Copy exactly the stretch of data below from the line with "Odaily星球日报讯 据Beosin Alert监测,Magnate" through the line with "En la primera", including both of those lines.

Data for this exercise:

****************************************

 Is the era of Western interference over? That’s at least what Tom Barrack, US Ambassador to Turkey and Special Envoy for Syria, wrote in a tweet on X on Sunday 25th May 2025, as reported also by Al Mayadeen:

****************************************

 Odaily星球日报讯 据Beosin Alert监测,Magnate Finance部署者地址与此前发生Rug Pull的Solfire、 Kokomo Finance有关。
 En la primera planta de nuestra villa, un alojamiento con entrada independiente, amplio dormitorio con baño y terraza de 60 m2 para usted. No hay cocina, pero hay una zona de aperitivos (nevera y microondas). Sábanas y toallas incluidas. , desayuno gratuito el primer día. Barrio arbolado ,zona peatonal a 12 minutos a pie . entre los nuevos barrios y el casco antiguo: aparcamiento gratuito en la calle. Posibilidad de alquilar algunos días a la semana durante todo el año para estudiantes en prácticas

****************************************

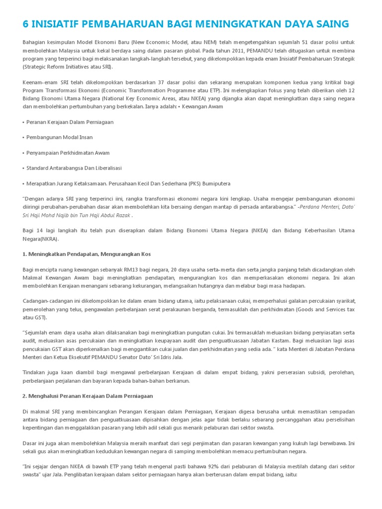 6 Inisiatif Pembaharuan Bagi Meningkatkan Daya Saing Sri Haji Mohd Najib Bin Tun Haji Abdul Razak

****************************************

Response to this exercise:
 Odaily星球日报讯 据Beosin Alert监测,Magnate Finance部署者地址与此前发生Rug Pull的Solfire、 Kokomo Finance有关。
 En la primera planta de nuestra villa, un alojamiento con entrada independiente, amplio dormitorio con baño y terraza de 60 m2 para usted. No hay cocina, pero hay una zona de aperitivos (nevera y microondas). Sábanas y toallas incluidas. , desayuno gratuito el primer día. Barrio arbolado ,zona peatonal a 12 minutos a pie . entre los nuevos barrios y el casco antiguo: aparcamiento gratuito en la calle. Posibilidad de alquilar algunos días a la semana durante todo el año para estudiantes en prácticas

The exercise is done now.